▸ Your task: From the first line to the last, repeat the data exactly but leave out the pictures.

▸ Data excerpts:
========
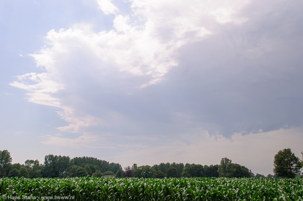 Toen ik zo die restanten stond te fotograferen begon ik wat onzeker, of zelfs wat somber over de dag te worden. Het seizoen had tot nu nog niet een echt hoogtepunt gekend en zou deze dag het dan wel opleveren? 20 Augustus 2009 was ook een potentiële topdag, maar al met al viel dat toch tegen. Zou de warme droge laag niet te dik en te stabiel zijn (CIN, "cap") zodat er amper wat kan gebeuren of misschien pas laat op de avond een enkele bui met hoge basis en alleen hoogte-onweer? En, stel dat de aanvoer van koelere, vochtiger lucht beperkt zou blijven tot het uiterste W of ZW van Nederland, wat dan te doen?
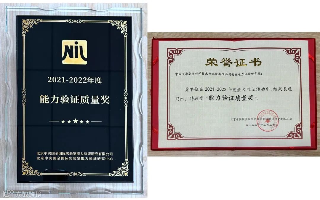 近日,西北电力试验研究院化环实验室获得实验室能力验证专业权威机构颁发的“2021-2022年度能力验证质量奖”。
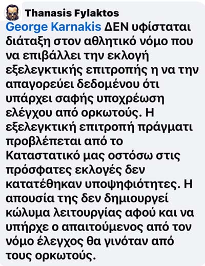 Γ. Αποφάσισε ότι δεν έχουμε δικαίωμα συμμετοχής στην Έκτακτη Γενική Συνέλευση οι προτεινόμενοι ως υποψήφιοι 17η, 18ος και 19ος εξ ημών εκ των οποίων μάλιστα ο τελευταίος Μάριος Σιταράς είμαι υποψήφιος Πρόεδρος. Ο αποκλεισμός μας έγινε κατ’ επίκληση του άρθρου 3 παράγραφος 5 του Ν.2725/1999 σύμφωνα με το οποίο: «αθλητής μπορεί να εγγραφεί ως μέλος σε αθλητικό σωματείο, σύμφωνα με τους όρους και τις προϋποθέσεις του καταστατικού του, ένα (1) τουλάχιστον έτος μετά την τελευταία συμμετοχή του σε επίσημο αθλητικό αγώνα.».
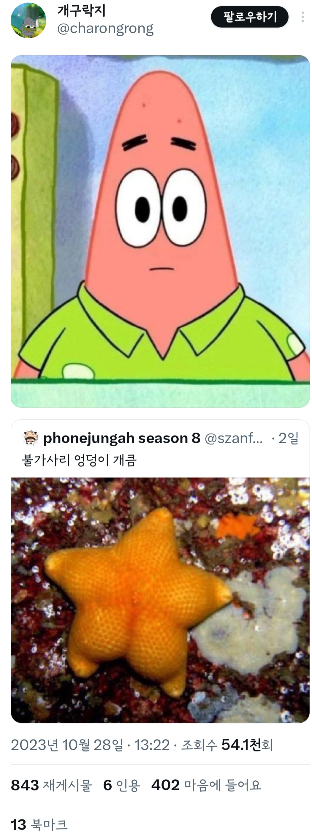 [기타]불가사리 엉덩이 개큼 작성자서지혜.|작성시간23.10.30|조회수15,158 목록 댓글 25 글자크기 작게가 글자크기 크게가 출처 : https://twitter.com/szanfno/status/1717696904119885858?t=82PPPutiqFOKrkFgKYcFTw&s=19 다음검색 현재 게시글 추가 기능 열기 북마크 공유하기 신고 센터로 신고 댓글 댓글 25 댓글쓰기 답글쓰기 댓글 리스트 작성자달조각을 주우러 숲으로 가자 | 작성시간 23.10.30 쉽게 만든 엉덩이가 아니라고요 이미지 확대 답댓글 작성자칠리치즈후라이 | 작성시간 23.10.30 오우 세상에 작성자줄쏘야 | 작성시간 23.10.30 오 뭔가 샘스미스같애 작성자dick me 웃기네 | 작성시간 23.10.30 샘냐엉덩이같아ㅋㅋ 작성자건전한 배틀태그 | 작성시간 23.10.30 뚱이 뒷태 미쳤다 댓글 전체보기
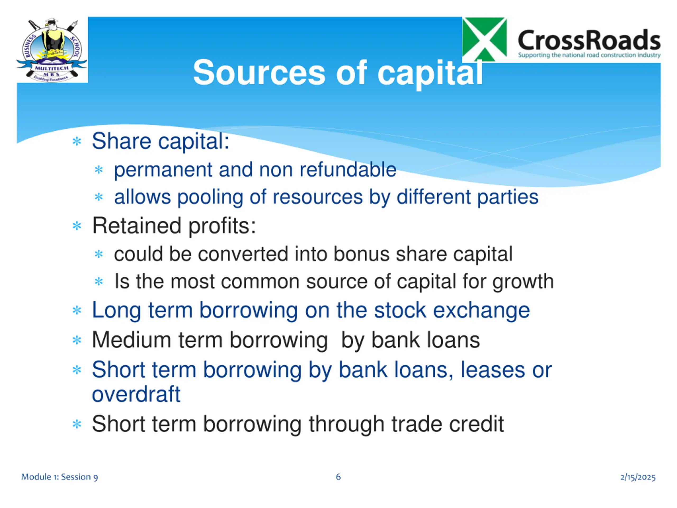 Sources of capital Share capital: permanent and non refundable allows pooling of resources by different parties Retained profits: could be converted into bonus share capital Is the most common source of capital for growth Long term borrowing on the stock exchange Medium term borrowing by bank loans Short term borrowing by bank loans, leases or overdraft Short term borrowing through trade credit Module 1: Session 9 6 2/15/2025
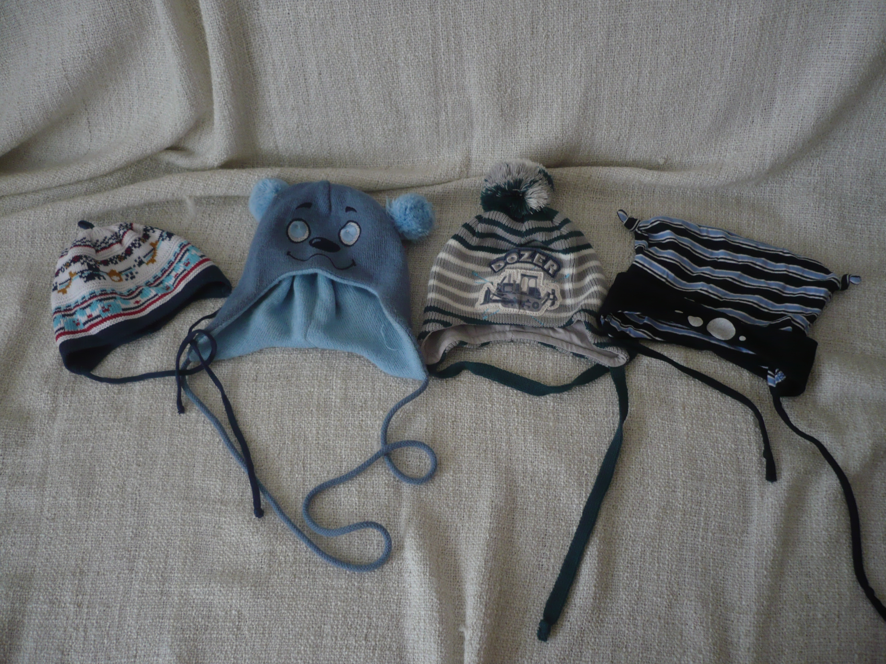 Первая - вязаная хлопковая, размер не знаю, носили в 3-4месяца, Цена 100р.
========
▸ Written solution:
 Toen ik zo die restanten stond te fotograferen begon ik wat onzeker, of zelfs wat somber over de dag te worden. Het seizoen had tot nu nog niet een echt hoogtepunt gekend en zou deze dag het dan wel opleveren? 20 Augustus 2009 was ook een potentiële topdag, maar al met al viel dat toch tegen. Zou de warme droge laag niet te dik en te stabiel zijn (CIN, "cap") zodat er amper wat kan gebeuren of misschien pas laat op de avond een enkele bui met hoge basis en alleen hoogte-onweer? En, stel dat de aanvoer van koelere, vochtiger lucht beperkt zou blijven tot het uiterste W of ZW van Nederland, wat dan te doen?
 近日,西北电力试验研究院化环实验室获得实验室能力验证专业权威机构颁发的“2021-2022年度能力验证质量奖”。
 Γ. Αποφάσισε ότι δεν έχουμε δικαίωμα συμμετοχής στην Έκτακτη Γενική Συνέλευση οι προτεινόμενοι ως υποψήφιοι 17η, 18ος και 19ος εξ ημών εκ των οποίων μάλιστα ο τελευταίος Μάριος Σιταράς είμαι υποψήφιος Πρόεδρος. Ο αποκλεισμός μας έγινε κατ’ επίκληση του άρθρου 3 παράγραφος 5 του Ν.2725/1999 σύμφωνα με το οποίο: «αθλητής μπορεί να εγγραφεί ως μέλος σε αθλητικό σωματείο, σύμφωνα με τους όρους και τις προϋποθέσεις του καταστατικού του, ένα (1) τουλάχιστον έτος μετά την τελευταία συμμετοχή του σε επίσημο αθλητικό αγώνα.».
 [기타]불가사리 엉덩이 개큼 작성자서지혜.|작성시간23.10.30|조회수15,158 목록 댓글 25 글자크기 작게가 글자크기 크게가 출처 : https://twitter.com/szanfno/status/1717696904119885858?t=82PPPutiqFOKrkFgKYcFTw&s=19 다음검색 현재 게시글 추가 기능 열기 북마크 공유하기 신고 센터로 신고 댓글 댓글 25 댓글쓰기 답글쓰기 댓글 리스트 작성자달조각을 주우러 숲으로 가자 | 작성시간 23.10.30 쉽게 만든 엉덩이가 아니라고요 이미지 확대 답댓글 작성자칠리치즈후라이 | 작성시간 23.10.30 오우 세상에 작성자줄쏘야 | 작성시간 23.10.30 오 뭔가 샘스미스같애 작성자dick me 웃기네 | 작성시간 23.10.30 샘냐엉덩이같아ㅋㅋ 작성자건전한 배틀태그 | 작성시간 23.10.30 뚱이 뒷태 미쳤다 댓글 전체보기
 Sources of capital Share capital: permanent and non refundable allows pooling of resources by different parties Retained profits: could be converted into bonus share capital Is the most common source of capital for growth Long term borrowing on the stock exchange Medium term borrowing by bank loans Short term borrowing by bank loans, leases or overdraft Short term borrowing through trade credit Module 1: Session 9 6 2/15/2025
 Первая - вязаная хлопковая, размер не знаю, носили в 3-4месяца, Цена 100р.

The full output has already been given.